Now that it’s closer to winter, you’ve probably already prepped your lawn by mowing low, aerating, and fertilizing. But what happens when you start to see brown spots already? Don’t worry. Like leaves, grass also experiences some color changes this time of year. Here’s what to watch for and what to do if you see winter grass brown spots.

Grass that Changes Color

Typically, warm-season grass like Bermuda, Centipede, and Zoysia turn a sandy tan color when they go dormant in late fall. No amount of lawn treatment will stop this from happening. The only way to keep your lawn from turning brown is to grow a different type of grass.
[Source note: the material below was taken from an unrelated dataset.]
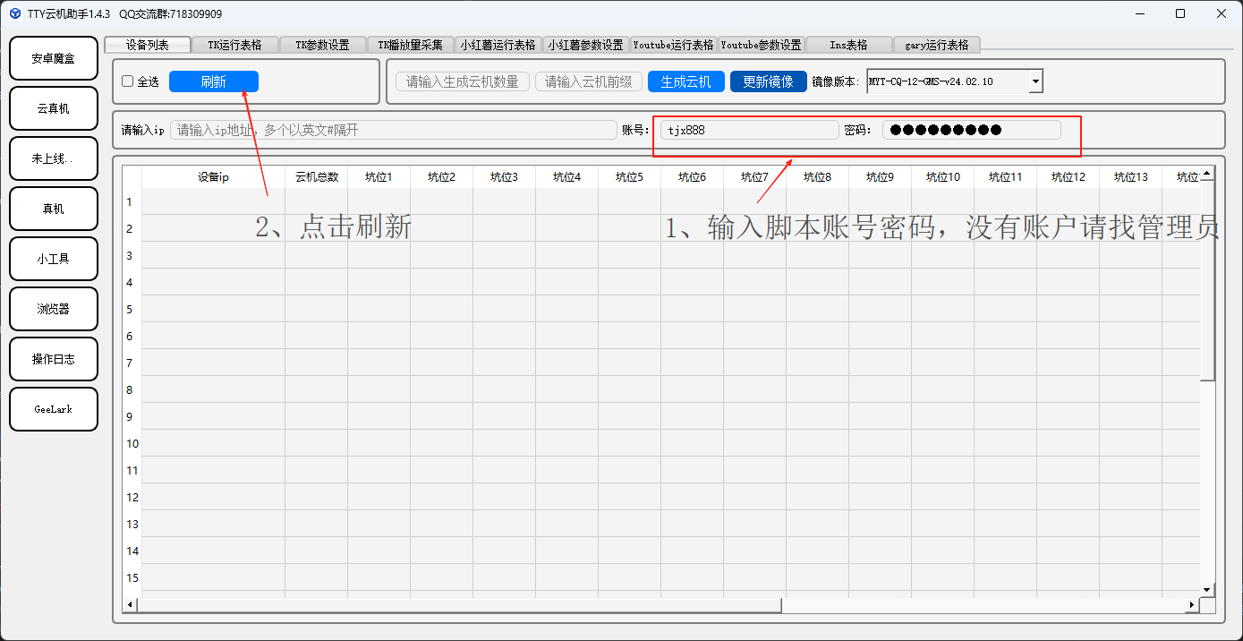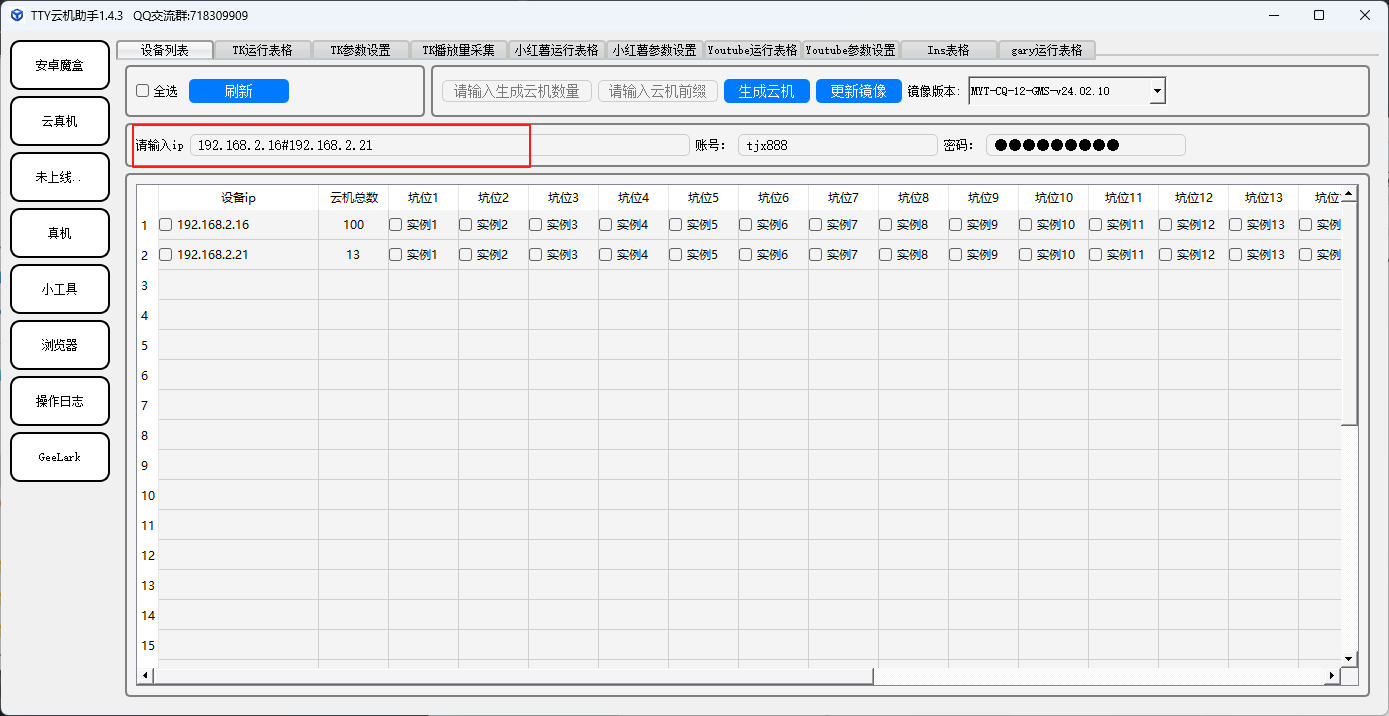 一、刷新出盒子ip 本地如果开了科学上网可能导致刷新不出来,需要手动输入ip 勾选需要运行的ip和坑位(一定要记得勾选ip) 二、前往运行表格刷新云机并开始运行 三、设置ip...

However, it’s likely the grass will bounce back in the spring, especially if you’ve properly prepped your lawn with a slow-release fertilizer and improved soil circulation.

Cool-season grasses may not grow much above the surface, but their roots are still working. These are the grasses that are likely to stay green in the winter but may experience some yellowing.

There is a chance that extreme temperatures, heavy foot traffic, and other factors may make dormant grass vulnerable and potentially result in further damage. But there are also some things you can do to prevent this from happening.

Preventing Winter Grass Brown Spots

While some grass will brown naturally, there are ways to help prevent grass from browning prematurely or doing further damage to dormant lawns.

  1. Clear leaves and ornaments. Remove any large piles of leaves from your lawn or mulch them with your mower so the leaves don’t suffocate the grass. Put away any lawn furniture or ornaments or they’ll leave a similarly shaped spot on your grass.
  2. Limit foot traffic. Try not to walk too much on your grass this winter. You’ll start to see your regular path imprinted in your lawn since the grass won’t bounce back as quickly. This is especially true for frost- and snow-covered lawns. The frozen blades are easily crushed.
  3. Only cut when necessary. Since your grass isn’t growing as much, you don’t need to be mowing as much. Keep your lawn cut low so that long blades don’t end up bending and breaking. If you need to cut, wait until the grass is dry.

Will Brown Grass Bounce Back?

A well-maintained lawn that’s been properly aerated, watered, mowed, and fertilized will likely bounce back beautifully in the spring. There’s no guarantee if the weather has been exceptionally cold and snowy. Just as there are ways to help your lawn recover from drought, it’s possible to nurse a lawn back from a harsh winter.

If you’re worried about your lawn now or the winter wreaks havoc, contact Cardinal Lawns for expert guidance in getting your lawn gorgeous again.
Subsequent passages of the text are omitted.